QUESTION_ID = "d8cfd844-..."
# 1. List current suggestions
result = client.refinement_suggestions(PROJECT_ID, QUESTION_ID)
suggestions = result["suggestions"]
print(f"{len(suggestions)} suggestions pending")
# 2. Auto-apply the high-confidence new_code suggestions
applied = client.bulk_apply_refinement(
PROJECT_ID, QUESTION_ID,
min_confidence=0.75,
)
print(applied["summary"])
# {'candidates': 12, 'applied': 7, 'skipped': 5, 'failed': 0}
# 3. Export the full audit trail to Excel for the analyst
xlsx_bytes = client.export_refinement(PROJECT_ID, QUESTION_ID, format="xlsx")
Path("refinement_report.xlsx").write_bytes(xlsx_bytes)
print("Saved refinement_report.xlsx")

It only applies suggestions of type new_code. The other two types need decisions the API can’t make blindly:

  • update_definition — changing a code’s wording can break downstream analyses; the analyst should review.
  • split_code — splitting a code requires deciding which responses go on each side; bulk can’t infer that.

For those, use POST /v2/refinement/resolve with the right action per suggestion, or build a UI flow on top of the suggestion list.

Suggestions below your min_confidence threshold are listed in the skipped array with a reason like "confidence 0.62 < min_confidence 0.75".

The response shape:

{
"applied": ["sugg_abc", "sugg_def"],
"skipped": [
{ "id": "sugg_xyz", "reason": "confidence 0.62 < min_confidence 0.75" },
{ "id": "sugg_qqq", "reason": "type='update_definition' is not bulk-appliable (only 'new_code' supports create_new without overrides)" }
],
"failed": [],
"summary": { "candidates": 4, "applied": 2, "skipped": 2, "failed": 0 }
}

The Excel (xlsx) has four sheets:

SheetRows
SummaryHigh-level counts: total / pending / applied / dismissed, plus the question and project IDs and export timestamp
PendingEvery suggestion not yet resolved. Columns: id, type, category, code_name, definition, affected_count, confidence, reasoning, examples (up to 3 verbatims resolved server-side), created_at
AppliedSuggestions resolved with a non-dismiss action. Same columns + resolved_at, resolved_action
DismissedSuggestions resolved with dismiss. Same columns + dismiss_reason if one was provided

The CSV (csv) is a single flat table with the same data and an extra status column (pending / applied / dismissed). Use it when you want to grep or pipe into pandas / a SQL load.

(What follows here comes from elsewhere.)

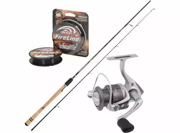 Abu Cardinal 104F har 5 kulelager, et seneopplegg som sikrer lange kast og et bremsesystem som er perfekt for stor fisk. Berkley Lightning 9 fot stang, for sluker mellom 15-40g, har i en årekke vært en favoritt blandt norske sportsfiskere. Utstyret leveres med 270m råsterke Fireline 0,20mm som sikrer fangsten.

  • The first refinement_suggestions call on a question consumes credits for the LLM pass (variable based on the number of unclassified + low-confidence responses).
  • Subsequent calls return the cached suggestions for free.
  • force: true re-runs and re-charges.
  • apply, resolve, undo, bulk_apply don’t call the LLM — they just mutate Postgres rows. No credit cost.
  • export is also LLM-free.

POST /v2/refinement/undo is a misnomer in the current implementation — it only sets the suggestion’s status back to pending. It does not revert the codebook/coding mutations the prior apply produced. A true revert requires snapshotting the pre-apply state (planned, not shipped). Today: treat undo as “reopen this for re-evaluation”, and if you need a real revert, do it manually via the dashboard’s codebook editor.